Signals

Surface patterns, spikes, and label breakdowns across your traces and threads.

Overview

Signals are the runtime side of classifiers. Once a classifier is enabled, every matching trace or thread gets a label (or none), and those labels surface here as cards, breakdowns, occurrence rows, and trend findings — your at-a-glance view of “what’s happening in production right now?”

Signals overview

The Signals page has two main areas:

  • What’s happening — automatically detected spikes and trends across your classifier labels (e.g. “RateLimit up 3.2x compared to the previous period”).
  • Classifications — one card per classifier showing the label distribution and counts in the selected time range, with drill-down into individual labels and occurrences.

Use the date picker and environment dropdown at the top to scope everything on the page.

No classifiers configured yet? Head to Project Settings → Classifiers to create one. Trace classifiers light up immediately as new traces arrive; thread classifiers populate after the configured idle window.

Drill Into a Label

Click any classifier card to drop into the per-classifier detail view: the label-level breakdown, a sparkline of occurrences over time, and the individual occurrence rows that contributed to each label.

Per-classifier label detail with occurrences

Each occurrence row links straight to the underlying trace or thread so you can investigate why the LLM picked that label.

Filter the Observatory by Label

Anywhere classifiers run, you can filter the Observatory by classifier label to scope a search to just the data that matched. Pick the classifier and label from the filter dropdown; combine with other filters (environment, tag, metadata, latency, score, etc.) to narrow further.

Filter traces by classifier label in the Observatory

A Worked Example: Failure Mode + User Sentiment

Suppose you want to know “how often does an upstream model failure correlate with a user being unhappy in the same conversation?” — a question that touches both a trace-level dimension (the failure) and a thread-level dimension (the sentiment). The cleanest way to answer it is two cooperating classifiers: one trace-scoped, one thread-scoped.
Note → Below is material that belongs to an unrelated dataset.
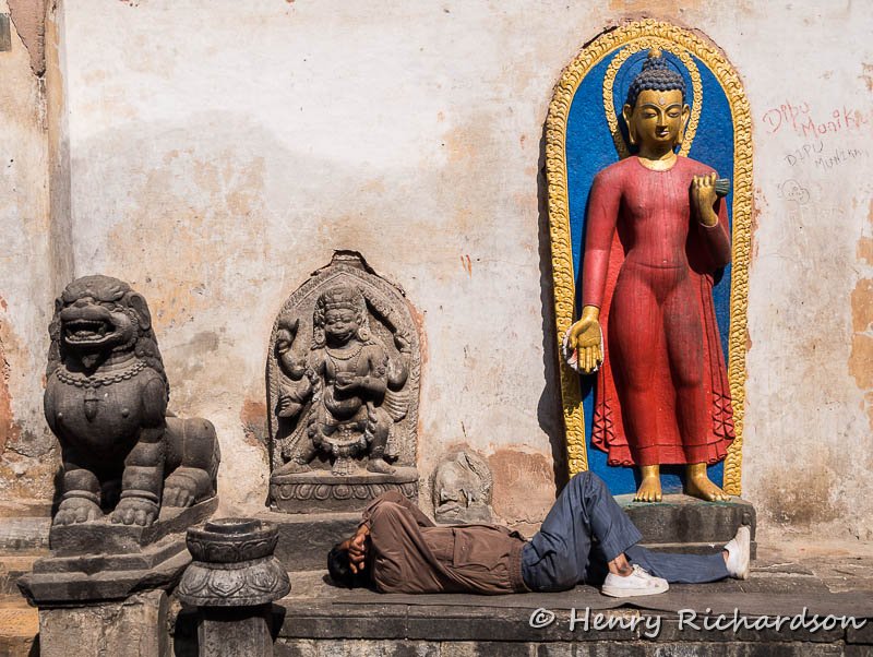Taking a nap at Swayambhunath (Monkey Temple)

Step 1 — A trace classifier for failure mode

Create a trace classifier called Failure Mode with this description:

Inspect each trace for technical errors. Use the error field, status codes in metadata, and any error text in the output. Pick the label that best fits.

Add four labels:

LabelDescription
RateLimitTrace failed because the upstream model returned a 429 or rate-limit error in the response or metadata.
TimeoutTrace timed out — status code 504, timeout in error field, or latency above the configured ceiling with no output.
BadRequestTrace returned a 4xx error from the model that wasn’t a rate limit (e.g. invalid request, missing fields).
UnhandledTrace error message indicates an unexpected exception in your application code.
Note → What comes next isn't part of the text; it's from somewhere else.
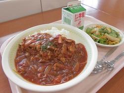 肉と野菜を煮込んだソースをごはんの上にかける「ハヤシライス」についてのお話です。今日の給食のハヤシライスには豚肉を使っています。豚肉を使うと牛肉よりあっさりとした軽い味になります。また、豚肉にはスタミナアップを助ける「ビタミンB1」が多く含まれており、そして、玉ねぎにはその「ビタミンB1」の吸収をよくしてくれる栄養素が含まれているので、豚肉と玉ねぎはスタミナアップとなる組み合わせです。味も栄養面でも相性がよい豚肉と玉ねぎが入った「ハヤシライス」を食べて元気に過ごしたいものですね。

A trace that didn’t fail simply gets no label — that’s the “no match” outcome and is the expected default for happy-path traffic.

Step 2 — A thread classifier for sentiment

Create a thread classifier called User Sentiment with this description:

Read the user-side turns of the conversation. Decide whether the user expresses positive, negative, or neutral sentiment about the assistant’s responses across the thread.
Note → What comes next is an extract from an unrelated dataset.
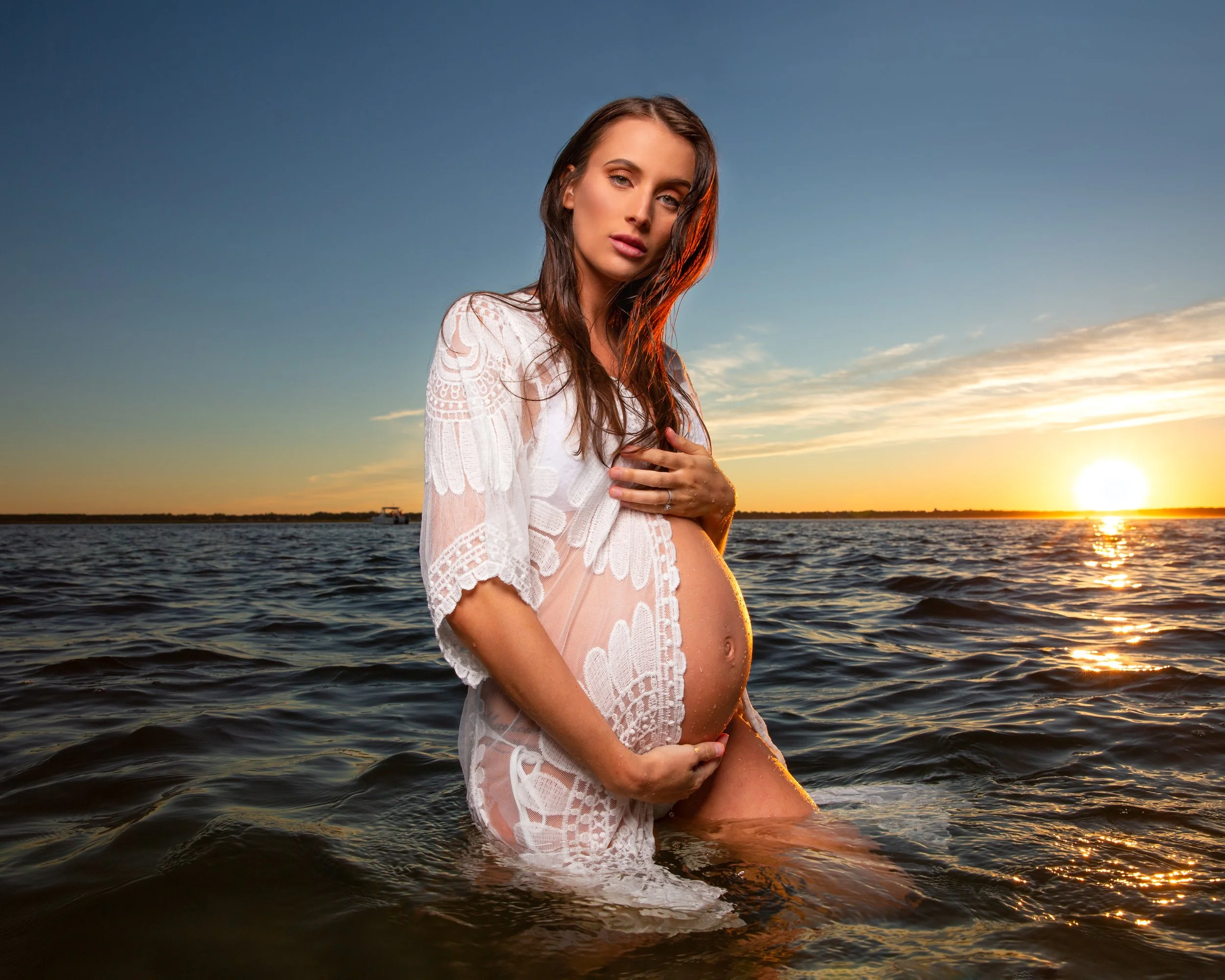 A pregnant woman in a white lace dress kneels in shallow water at sunset, gently holding her belly. The sky is clear with orange and yellow hues, and the sun is low on the horizon.

Add three labels: Positive, Negative, Neutral (each with one or two sentences describing what triggers it). Set a Time Limit of around 600 seconds so the classifier waits for the conversation to settle before grading sentiment.

Step 3 — Use the labels

Once both classifiers are enabled and have processed some data, you can pivot on the same dimensions across the platform:

  • Signals page — both classifiers appear as cards. The “What’s happening” section flags spikes like RateLimit up 3.2x” or Negative sentiment doubled vs. the previous period.”
  • Observatory traces — filter by Failure Mode = Timeout to inspect every trace that timed out in a window.
  • Observatory threads — filter by User Sentiment = Negative to inspect unhappy conversations end-to-end.
  • Combined investigation — start in threads filtered to User Sentiment = Negative, then drop into one of those threads and look at how many of its traces are labeled Failure Mode = Timeout. That’s the canonical “did our outages cause user frustration?” workflow.
  • Dashboards — graph trace count broken down by Failure Mode label, or thread count over time broken down by User Sentiment. See Dashboards for setting up breakdown widgets.

What Classifiers Can Do

A few capabilities worth knowing:

  • Multiple labels per classifier. A classifier can have any number of labels — each trace or thread is assigned at most one of them.
  • “No match” is fine. The classifier doesn’t force a label onto every item. Items that don’t fit any label are simply not signaled.
  • Sample rate. Each classifier respects the trace or thread sample rate set in Project Settings → Classifiers, so you can tune classification overhead.
  • Time limit (threads). Thread classifiers wait for a configurable idle window before evaluating, so you grade settled conversations instead of mid-flight ones.

The LLM sees what you ingest. Error messages, status codes, metadata, tags — anything the trace or thread carries is visible to the classifier. Detection by error code, metadata field, or sentiment all just work, as long as the description tells the LLM how to interpret what it sees.

Cost

Each classification logs a usage event for billing. See Project Settings → Data Usage under the Signals line for live usage and projected cost. Limits are gated by your org plan — Enterprise has no cap, but the line item is still visible.